Starting at the line that contains "我们去的时候虽然是年末,大雪", print each line exactly through the end of the listing. Skip any pictures and add nothing.

▶ **Available data**:
--- START ---

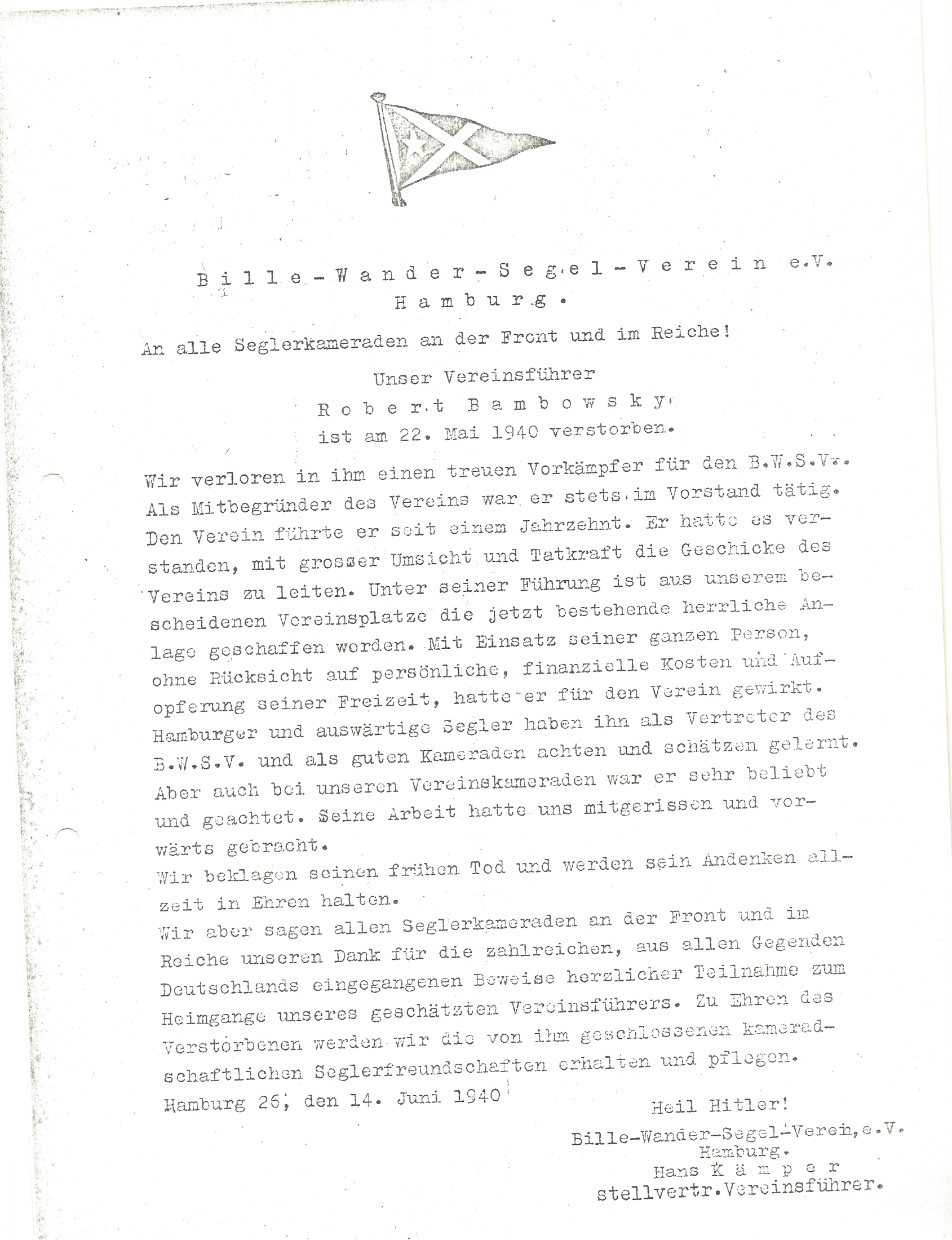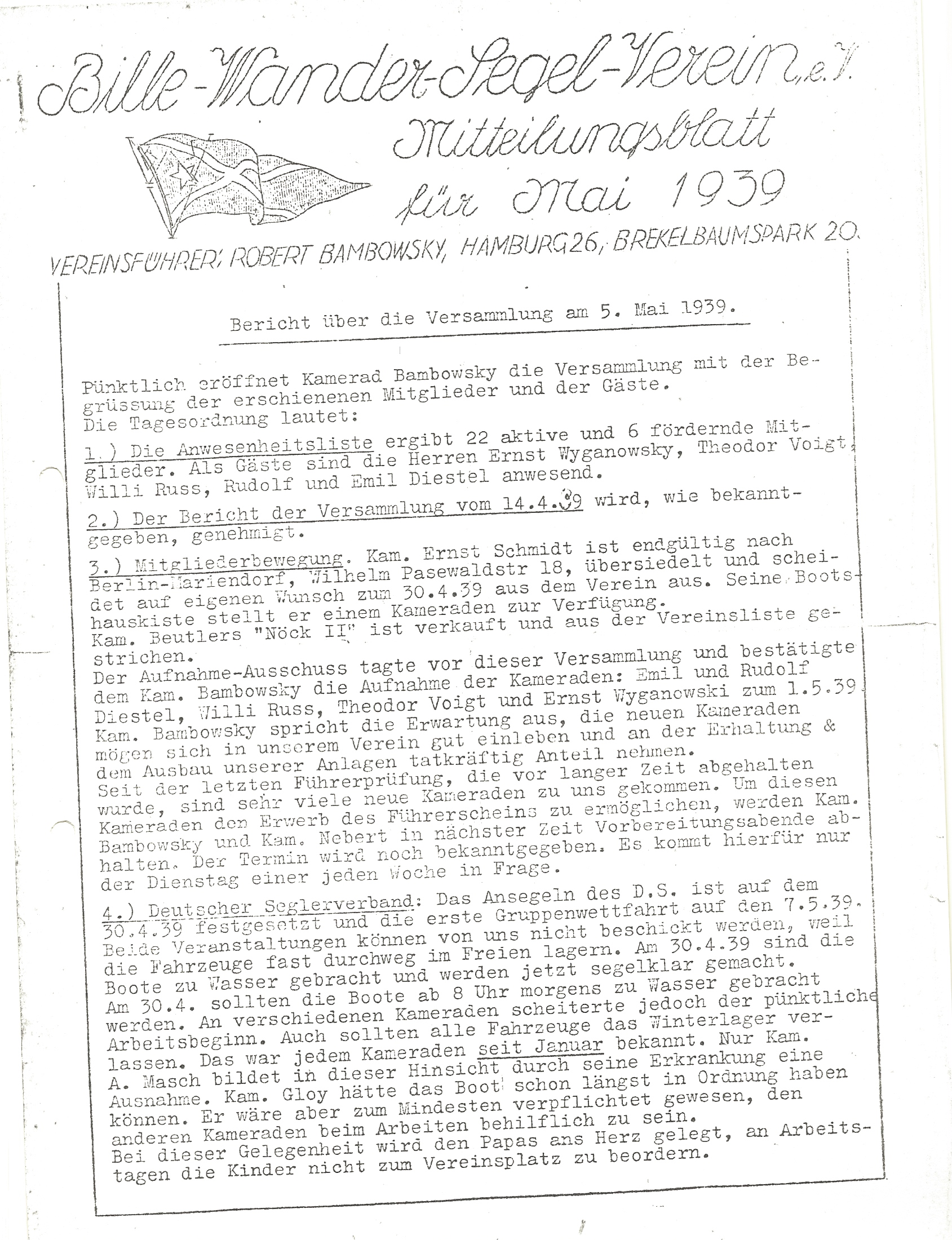 In Hamburg wurde eine Reihe neuer Segelvereine gegründet: so 1921 der Bille- Wander- Segel- Verein und 1923 die Elb- Segler- Vereinigung.
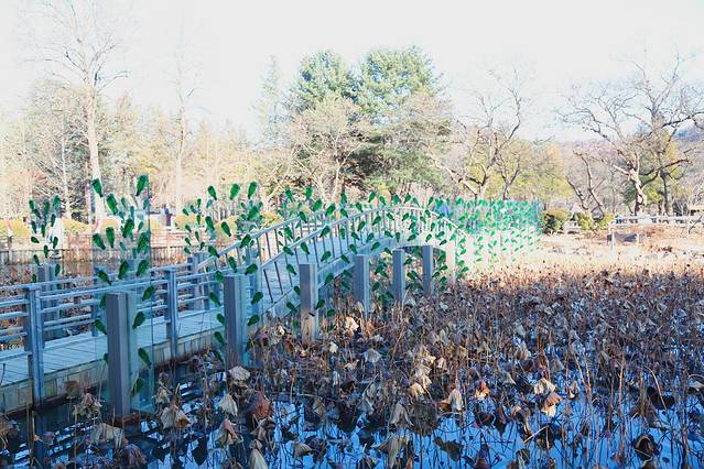 我们去的时候虽然是年末,大雪已化,留下少许的冰雕和未枯的树木,大概是游客们向往着剧中的美好爱情吧,一对对恋人争相和人物雕塑合照,我在一脸懵的情况下也被朋友推去合了一张,然后就去尽情享受岛上的悠闲时光了,幽静的树林、孤独的铁道、特色的木屋、闪烁的街灯,让人不由自主的步入慢节奏时光。
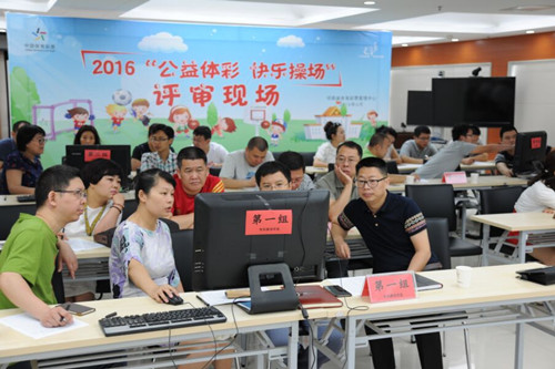評審工作分四組進(jìn)行,每組評審人員首先對報名學(xué)校提供的基本情況進(jìn)行逐項了解,同時,通過學(xué)校提供的校園、現(xiàn)有操場、器材室等實景照片,對是否提供捐贈進(jìn)行綜合打分。最后由工作人員對每組評委的打分進(jìn)行匯總,按照每所學(xué)校得分高低進(jìn)行排序,前25名的學(xué)校入圍2016“公益體彩 快樂操場”(河南)實地考察名單。

--- END ---

▶ **Task output**:
 我们去的时候虽然是年末,大雪已化,留下少许的冰雕和未枯的树木,大概是游客们向往着剧中的美好爱情吧,一对对恋人争相和人物雕塑合照,我在一脸懵的情况下也被朋友推去合了一张,然后就去尽情享受岛上的悠闲时光了,幽静的树林、孤独的铁道、特色的木屋、闪烁的街灯,让人不由自主的步入慢节奏时光。
評審工作分四組進(jìn)行,每組評審人員首先對報名學(xué)校提供的基本情況進(jìn)行逐項了解,同時,通過學(xué)校提供的校園、現(xiàn)有操場、器材室等實景照片,對是否提供捐贈進(jìn)行綜合打分。最后由工作人員對每組評委的打分進(jìn)行匯總,按照每所學(xué)校得分高低進(jìn)行排序,前25名的學(xué)校入圍2016“公益體彩 快樂操場”(河南)實地考察名單。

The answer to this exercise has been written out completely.